Cuando le administraron por última vez la Santa Comunión, exclamó:

"Si en este mundo hubiese algún conocimiento de este sacramento más fuerte que el de la fe, deseo ahora usarlo en afirmar que creo firmemente y sé de cierto que Jesucristo, Dios Verdadero y Hombre Verdadero, Hijo de Dios e Hijo de la Virgen María está en este Sacramento ...Te recibo a Ti, el precio de mi redención, por cuyo amor he velado, estudiado y trabajado. A Ti he predicado, a Ti he enseñado. Nunca he dic ho nada en Tu contra: si dije algo mal, es sólo culpa de mi ignorancia. Tampoco quiero ser obstinado en mis opiniones, así que someto todas ellas al juicio y enmienda de la Santa Iglesia Romana, en cuya obediencia ahora dejo esta vida."

Y expiró el 7 de marzo de 1274 a la edad de 49 años. No había podido asistir al Concilio de Lyon, pero su obra "Opusculum contra errores Graecorum" fue utilizada con éxito en ese concilio.

La mayor parte de sus reliquias se conservan en una iglesia de Tolouse que fue arrasada y saqueada por los liberales en el siglo XIX. Allí están metidas en un cofre de oro, en una iglesia de hermosas vidrieras y con numerosas capillas de estilo barroco que fueron casi totalmente destrozadas. En esa misma iglesia hay un museo de la perniciosa masonería y diversos puestos de venta de libros difícilmente ligables a lo católico.

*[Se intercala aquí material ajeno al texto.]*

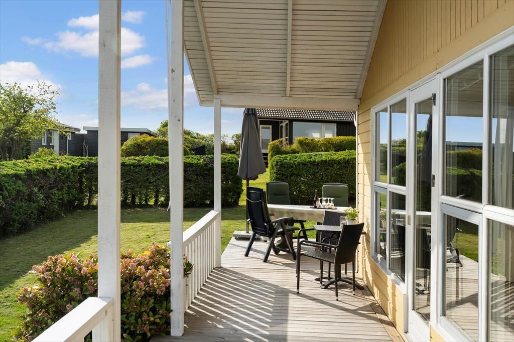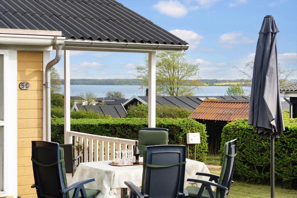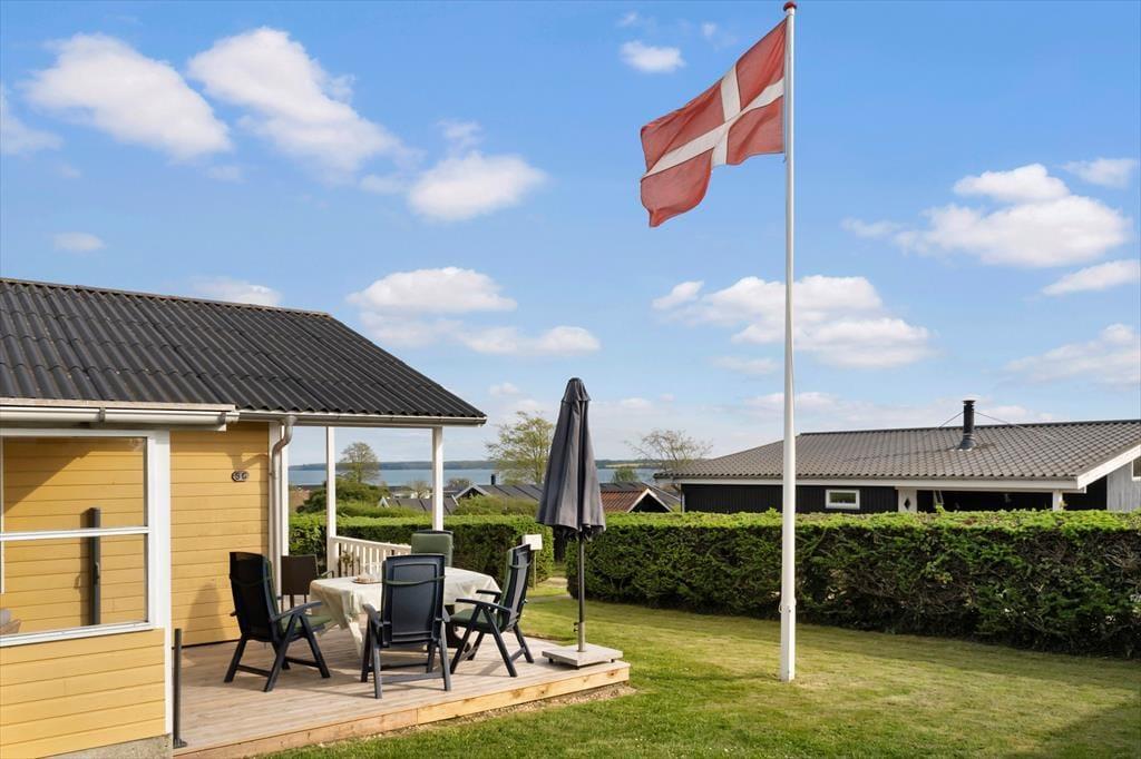 Sommerhuset ligger højt på en grund, hvilket giver en dejlig udsigt over området og mod fjorden. Her finder du flere terrasser med små hyggekroge, så du altid kan finde den perfekte plads – hvad enten du vil nyde morgensolen, spise frokost i læ eller sidde under den overdækkede del, når aftenen falder på. Haven indbyder til leg og afslapning, og beliggenheden for enden af en rolig vej skaber trygge rammer for både børn og voksne. Den korte afstand til legepladsen gør det ekstra nemt for børnene at få nye oplevelser, mens de voksne kan nyde en stille stund på terrassen med udsigten som selskab.

Apenas 50 años después de muerto, en 1323, fue canonizado como santo por el papa Juan XXII. Santo Tomás está universalmente considerado como uno de los más importantes filósofos de la historia, conciliando con el Cristianismo con Aristóteles, cuya enseñanza introdujo en las universidades. Fue una de las principales bases escritas para el Concilio de Trento, el concilio más importante de la historia y fue proclamado Doctor de la Iglesia por el papa San Pío V en 1567. Seguramente sea el Doctor de la Iglesia más importante que ha existido.

En la encíclica Aeterni Patris,1879, el papa León XIII proclamaba que la filosofía de santo Tomás sea la base de la enseñanza en todas las escuelas, proclamándole ' patrón de las universidades y centros de estudio' en 1880. También se le considera "Padre de todos los escolásticos".

El Papa San Pío X, en la encíclica Pascendi, proclama solemnemente:

"Es importante notar que, al prescribir que se siga la filosofía escolástica, Nos referimos a la que enseñó Santo Tomás de Aquino: todo lo que Nuestro Predecesor decretó acerca de la misma, queremos que siga en vigor y, por si fuera necesario, lo repetimos y lo confirmamos , y mandamos que se observe estrictamente por todos." (Pascendi)

El papa Pío XII, en la encíclica Humani generis, 1950, enseña que la filosofía tomista es la guía más segura para la doctrina católica y condena toda desviación de ella.

No obstante, en el siglo XX, al tiempo que intentaban adulterar la doctrina católica, ha habido numerosos intentos modernistas de retocar y manipular la doctrina de Santo Tomás de Aquino, como el del rojo sionista infiltrado Maritain, que curiosamente fue el maestro de Teología de Pablo VI...

Oración a Santo Tomás de Aquino

Angélico doctor Santo Tomás, gloria inmortal de la religión, columna firmísima de la Iglesia, varón santísimo y sapientísimo, que por los admirables ejemplos de tu inocente vida fuiste elevado a la cumbre de una perfección consumada, y con tus prodigiosos escritos eres martillo de los herejes, luz de maestros y doctores, y milagro estupendo de sabiduría;

¡Oh! quien acertara, Santo mío, a ser en virtud y letras verdadero discípulo, aprendiendo en el libro de vuestras virtudes y en las obras que con tanto acierto escribiste la ciencia de los santos, que es la verdadera y única sabiduría.

¡Quién supiera hermanar, como vos, la doctrina con la modestia, y la alta inteligencia con la profunda humildad! Alcanzadme del Señor esta gracia, junto con el inestimable don de la pureza y haced que, practicando tu doctrina y siguiendo tus ejemplos, consiga la eterna bienaventuranza. Amén.